CyclicLR

CyclicLR

class modelzoo.common.pytorch.optim.lr_scheduler.CyclicLR (optimizer: torch.optim.optimizer.Optimizer, base_lr: float, max_lr: float, step_size_up: int, step_size_down: int, mode: str, gamma: float, scale_mode: str, disable_lr_steps_reset: bool = False)

Sets the learning rate of each parameter group according to cyclical learning rate policy (CLR). The policy cycles the learning rate between two boundaries with a constant frequency, as detailed in the paper Cyclical Learning Rates for Training Neural Networks. The distance between the two boundaries can be scaled on a per-iteration or per-cycle basis.

Cyclical learning rate policy changes the learning rate after every batch. step should be called after a batch has been used for training.
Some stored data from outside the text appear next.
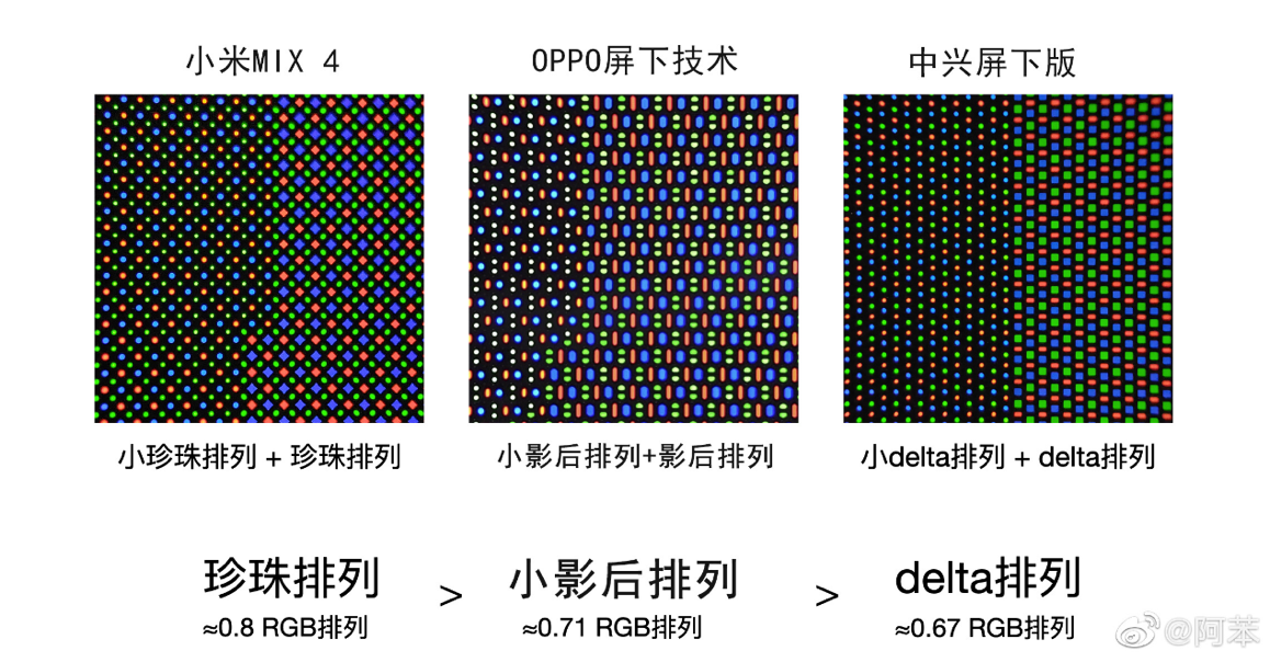 三家厂商的屏下摄像技术可以说是并驾齐驱。虽然三家都强调优于对方的屏幕效果,但在像素排列上却是一场暗戳戳的较量。中兴和OPPO采用的是传统OLED屏幕像素排列方式。分别为小Delta排列和小黄鸭排列。小米MIX 4采用的是「小珍珠」排列方式。
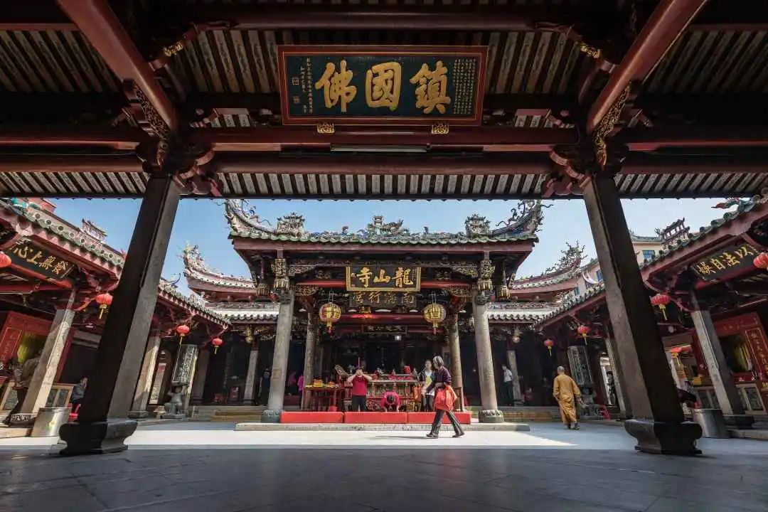龙山寺为全国汉传重点佛教寺院,始建于隋朝,寺内有“千手千眼观音、岩盘龙柱、钟鼓楼”三绝,更有名人张瑞图、弘一法师等人的珍贵墨宝,是全国重点文物保护单位。随着安平商贾的足迹,分灵至台湾及东南亚地区。
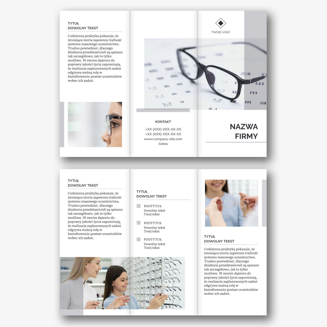 Darmowy szablon broszury informacyjnej online dla sklepu i salonu optycznego. Utwórz układ broszury DIY w internetowym narzędziu do tworzenia broszur.

This class has three built-in policies, as put forth in the paper:

  • “triangular”: A basic triangular cycle without amplitude scaling.

  • “triangular2”: A basic triangular cycle that scales initial amplitude by half each cycle.
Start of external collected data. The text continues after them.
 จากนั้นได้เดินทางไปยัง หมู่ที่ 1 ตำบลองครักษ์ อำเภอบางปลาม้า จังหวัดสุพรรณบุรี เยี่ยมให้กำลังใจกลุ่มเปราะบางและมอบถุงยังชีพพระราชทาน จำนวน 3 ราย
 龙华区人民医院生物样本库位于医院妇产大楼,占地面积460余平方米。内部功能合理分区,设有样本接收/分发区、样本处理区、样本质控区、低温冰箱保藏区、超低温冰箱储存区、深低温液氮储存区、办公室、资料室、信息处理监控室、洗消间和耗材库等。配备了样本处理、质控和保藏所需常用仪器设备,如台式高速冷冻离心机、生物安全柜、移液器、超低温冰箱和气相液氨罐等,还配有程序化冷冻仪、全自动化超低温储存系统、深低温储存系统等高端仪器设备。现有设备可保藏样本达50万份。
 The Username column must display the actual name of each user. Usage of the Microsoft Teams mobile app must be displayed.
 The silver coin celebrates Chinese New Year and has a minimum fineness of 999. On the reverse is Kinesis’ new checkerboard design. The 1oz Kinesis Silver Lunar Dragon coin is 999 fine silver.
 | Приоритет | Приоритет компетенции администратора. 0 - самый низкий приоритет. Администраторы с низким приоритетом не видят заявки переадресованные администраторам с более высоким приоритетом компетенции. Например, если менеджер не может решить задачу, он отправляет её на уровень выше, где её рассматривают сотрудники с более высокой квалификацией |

  • “exp_range”: A cycle that scales initial amplitude by gammacycle iterations at each cycle iteration.

Similar to https://pytorch.org/docs/stable/generated/torch.optim.lr_scheduler.CyclicLR.html#torch.optim.lr_scheduler.CyclicLR

Parameters:

optimizer – The optimizer to schedule.

base_lr – Initial learning rate which is the lower boundary in the cycle.

max_lr – Upper learning rate boundaries in the cycle.
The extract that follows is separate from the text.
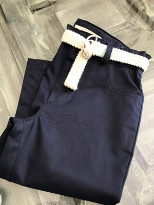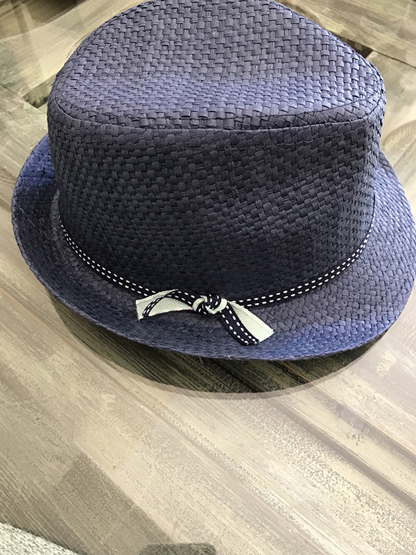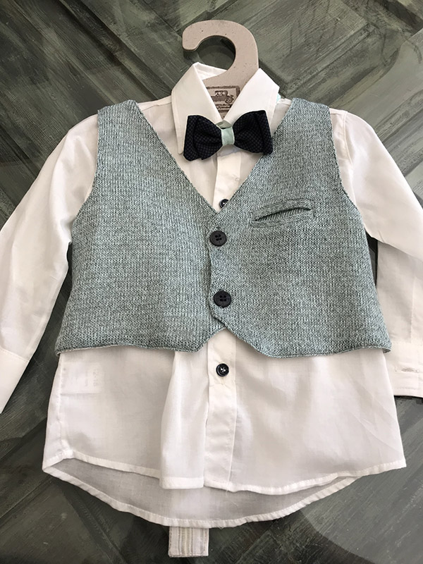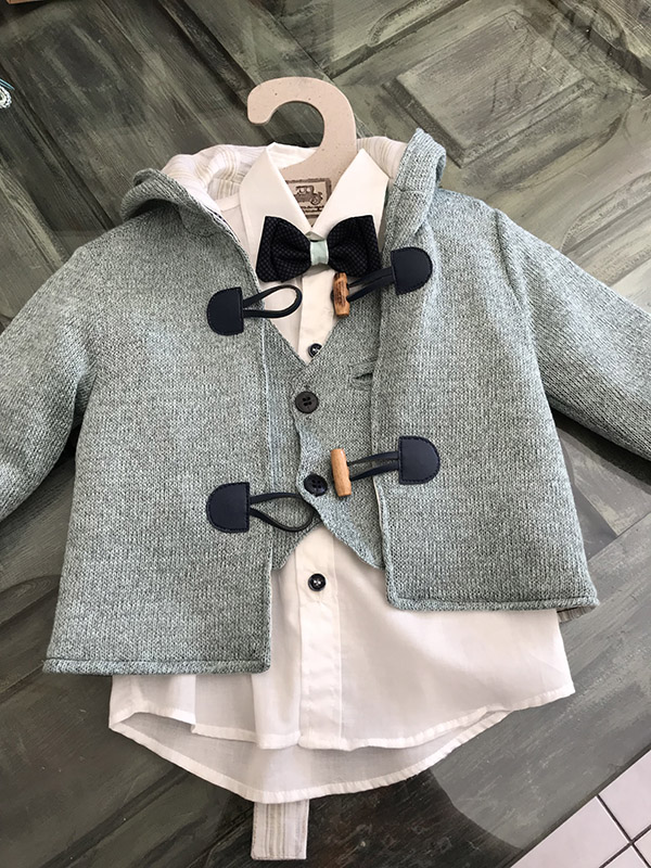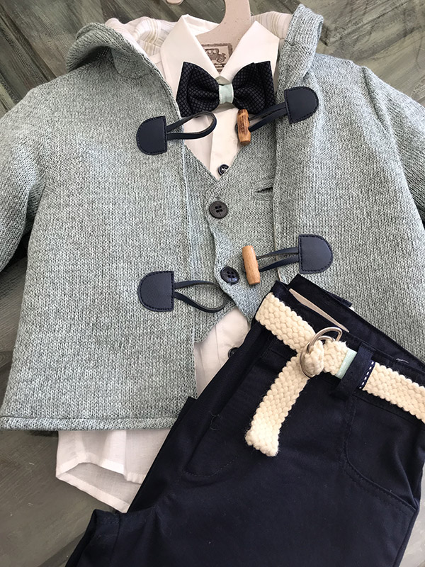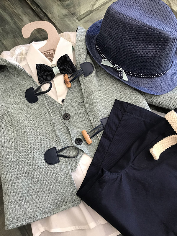 Το σετ περιλαμβάνει πλεκτό ζακετάκι σε βεραμάν χρώμα, ασορτί γιλέκο, μπλε σκούρο παντελόνι, λευκή ζώνη, μπλε ψάθινο καπέλο, παπιγιόν και λευκό πουκάμισο.

step_size_up – Number of training iterations in the increasing half of a cycle.

step_size_down – Number of training iterations in the decreasing half of a cycle.

mode – One of {‘triangular’, ‘triangular2’, ‘exp_range’}.

gamma – Constant in ‘exp_range’ scaling function: gamma**(cycle iterations).

scale_mode – {‘cycle’, ‘iterations’} Defines whether scale_fn is evaluated on cycle number or cycle iterations.